The Total Recall remake proves that you can polish a dream into something ordinary very easily. It’s much harder to preserve what made it feel like a dream in the first place, and that’s ultimately how I started to think about the failure of my own rewritten first novel.

What This Means for Your Older Work

These three films illustrate something that any author revisiting old material needs to take seriously.

Technical improvement is not the same as creative improvement, and what feels like a flaw from the outside may in fact be an essential quality of the work.

When you consider rewriting or updating an older story, here are some things worth keeping in mind.

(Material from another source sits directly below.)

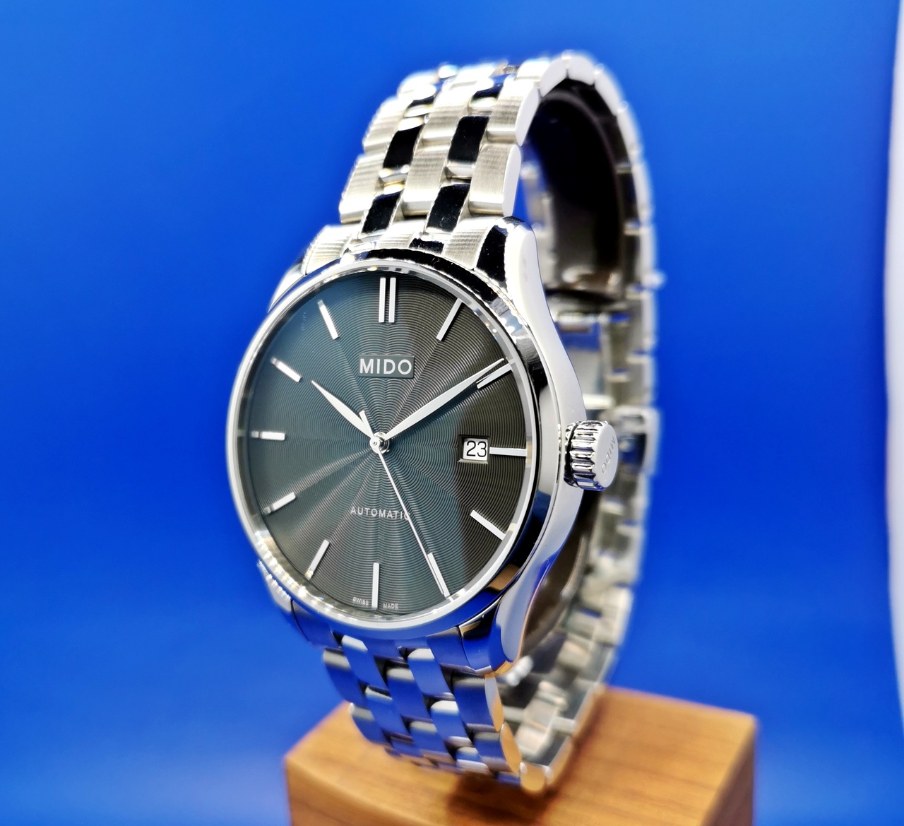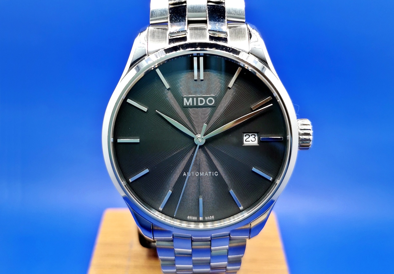 В продаже шикарная мужская классика в стильном исполнении от MIDO модель Belluna II. Полированные накладные индексы. Циферблат выполнен с расходящимся гильоше волнами.

Identify what the original actually does well. Before you change anything, read your old work as a reader, not an editor. What made it alive? What made readers connect with it? Sometimes the things that embarrass you—the breathless pacing, the unfiltered emotion, the lack of self-consciousness—are precisely the things your readers responded to. When I reread the original version of Adventure Eddy, the voice I hear is of a younger, more naive version of myself, and there’s something magical in that, even if my writing was considerably less polished.

Update the context, not the spirit. If a story feels dated, consider whether you can modernize its setting or its cultural references without altering its core energy. The 2025 Running Man succeeded in updating the story’s anxieties, but it failed in the execution of its ending. It’s challenging to aim to do the former without stumbling into the latter. I encountered this myself when I tried to rewrite Adventure Eddy, because I was challenged to revisit a story I’d written in an era before smartphones and Wi-Fi (damn, am I that old?) and updating the technology downgraded the adventurous spirit of the story.

Be honest about your reasons for rewriting. Good writers thrive on self-awareness, although few of us are very good at it. As I reexamined my first novel, I had to ask myself some difficult questions that you should be asking yourself, too. Are you rewriting this story to make it better for readers? Or are you making it more comfortable for yourself? Those are actually two very different goals and they’re not always compatible. As dissatisfied as you might be with your past writing, what few readers you had loved the original for reasons that had nothing to do with your own insecurities about your skill as a writer.

Accept that some work belongs to the writer you were. The reason we reread books is because we’re different people than we were the first time we read it. That is true of us as writers, as well. Our older writing isn’t necessarily a failure. It’s a document of where we were at that moment in our lives, and that document has value. Sometimes to readers, but almost always to ourselves.

Coming Home to Adventure Eddy

In the end, I made a decision I feel entirely at peace with: I re-republished Adventure Eddy in its original format.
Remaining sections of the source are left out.